▶ _DATA PROVIDED_
[Start of section]
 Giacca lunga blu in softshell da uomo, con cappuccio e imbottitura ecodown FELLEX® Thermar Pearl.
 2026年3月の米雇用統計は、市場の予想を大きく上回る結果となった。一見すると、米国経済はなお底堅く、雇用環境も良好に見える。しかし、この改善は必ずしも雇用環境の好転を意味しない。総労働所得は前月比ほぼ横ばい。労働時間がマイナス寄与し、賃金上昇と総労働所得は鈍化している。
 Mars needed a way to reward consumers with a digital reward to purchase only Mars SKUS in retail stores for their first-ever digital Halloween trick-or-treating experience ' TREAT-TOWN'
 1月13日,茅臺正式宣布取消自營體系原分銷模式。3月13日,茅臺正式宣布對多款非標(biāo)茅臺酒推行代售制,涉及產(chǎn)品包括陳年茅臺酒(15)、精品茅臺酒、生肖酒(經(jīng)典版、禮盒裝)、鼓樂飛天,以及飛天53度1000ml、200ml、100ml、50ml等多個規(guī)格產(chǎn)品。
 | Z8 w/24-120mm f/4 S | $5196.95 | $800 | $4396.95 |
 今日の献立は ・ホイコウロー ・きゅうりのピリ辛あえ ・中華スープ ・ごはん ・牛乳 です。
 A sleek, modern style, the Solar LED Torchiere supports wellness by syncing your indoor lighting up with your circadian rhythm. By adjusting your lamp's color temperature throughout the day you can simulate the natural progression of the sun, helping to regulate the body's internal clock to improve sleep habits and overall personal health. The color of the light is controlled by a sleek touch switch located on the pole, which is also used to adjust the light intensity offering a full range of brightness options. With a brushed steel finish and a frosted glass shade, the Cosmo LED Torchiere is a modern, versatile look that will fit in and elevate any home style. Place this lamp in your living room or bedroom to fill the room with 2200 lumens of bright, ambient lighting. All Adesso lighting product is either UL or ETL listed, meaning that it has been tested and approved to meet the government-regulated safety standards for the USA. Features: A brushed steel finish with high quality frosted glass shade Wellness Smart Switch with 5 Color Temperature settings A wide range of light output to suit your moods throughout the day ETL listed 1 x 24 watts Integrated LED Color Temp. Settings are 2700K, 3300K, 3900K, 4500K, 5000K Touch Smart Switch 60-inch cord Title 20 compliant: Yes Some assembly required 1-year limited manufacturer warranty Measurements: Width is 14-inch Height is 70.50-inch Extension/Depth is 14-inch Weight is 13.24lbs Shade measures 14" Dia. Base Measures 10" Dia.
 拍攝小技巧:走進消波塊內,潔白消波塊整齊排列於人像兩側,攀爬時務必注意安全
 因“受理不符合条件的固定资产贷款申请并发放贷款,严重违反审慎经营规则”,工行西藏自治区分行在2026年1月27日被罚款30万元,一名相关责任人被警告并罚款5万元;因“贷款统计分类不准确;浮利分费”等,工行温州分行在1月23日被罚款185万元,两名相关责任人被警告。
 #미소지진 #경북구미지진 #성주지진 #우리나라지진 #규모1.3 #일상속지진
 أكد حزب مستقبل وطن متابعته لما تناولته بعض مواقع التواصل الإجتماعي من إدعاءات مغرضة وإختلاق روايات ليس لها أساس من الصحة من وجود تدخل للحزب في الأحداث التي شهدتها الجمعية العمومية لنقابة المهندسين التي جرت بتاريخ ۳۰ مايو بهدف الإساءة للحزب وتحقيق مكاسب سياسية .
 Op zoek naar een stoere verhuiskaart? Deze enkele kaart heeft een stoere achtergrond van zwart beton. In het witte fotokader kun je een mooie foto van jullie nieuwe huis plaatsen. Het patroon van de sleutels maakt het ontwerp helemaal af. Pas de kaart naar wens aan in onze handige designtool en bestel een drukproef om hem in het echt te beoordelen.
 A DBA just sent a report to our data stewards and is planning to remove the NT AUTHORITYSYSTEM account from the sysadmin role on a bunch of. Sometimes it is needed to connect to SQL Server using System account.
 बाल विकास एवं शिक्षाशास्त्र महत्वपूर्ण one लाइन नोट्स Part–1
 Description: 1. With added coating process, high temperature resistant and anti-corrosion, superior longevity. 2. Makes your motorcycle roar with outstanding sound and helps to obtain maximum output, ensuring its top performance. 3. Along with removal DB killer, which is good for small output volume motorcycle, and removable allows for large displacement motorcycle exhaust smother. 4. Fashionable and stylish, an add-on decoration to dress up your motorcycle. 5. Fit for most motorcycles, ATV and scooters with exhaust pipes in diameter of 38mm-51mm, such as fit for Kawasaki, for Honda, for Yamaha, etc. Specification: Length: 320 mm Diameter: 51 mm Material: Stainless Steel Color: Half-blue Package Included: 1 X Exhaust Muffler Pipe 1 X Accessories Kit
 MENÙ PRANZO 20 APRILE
[End of section]
▶ _INSTRUCTIONS TO FOLLOW_
Reproduce word for word the material above, beginning with the line that contains "Mars needed a" and ending with the line that contains "今日の献立は ・ホイコウロー ・きゅうりのピリ辛あえ".

▶ _WRITTEN SOLUTION_
 Mars needed a way to reward consumers with a digital reward to purchase only Mars SKUS in retail stores for their first-ever digital Halloween trick-or-treating experience ' TREAT-TOWN'
 1月13日,茅臺正式宣布取消自營體系原分銷模式。3月13日,茅臺正式宣布對多款非標(biāo)茅臺酒推行代售制,涉及產(chǎn)品包括陳年茅臺酒(15)、精品茅臺酒、生肖酒(經(jīng)典版、禮盒裝)、鼓樂飛天,以及飛天53度1000ml、200ml、100ml、50ml等多個規(guī)格產(chǎn)品。
 | Z8 w/24-120mm f/4 S | $5196.95 | $800 | $4396.95 |
 今日の献立は ・ホイコウロー ・きゅうりのピリ辛あえ ・中華スープ ・ごはん ・牛乳 です。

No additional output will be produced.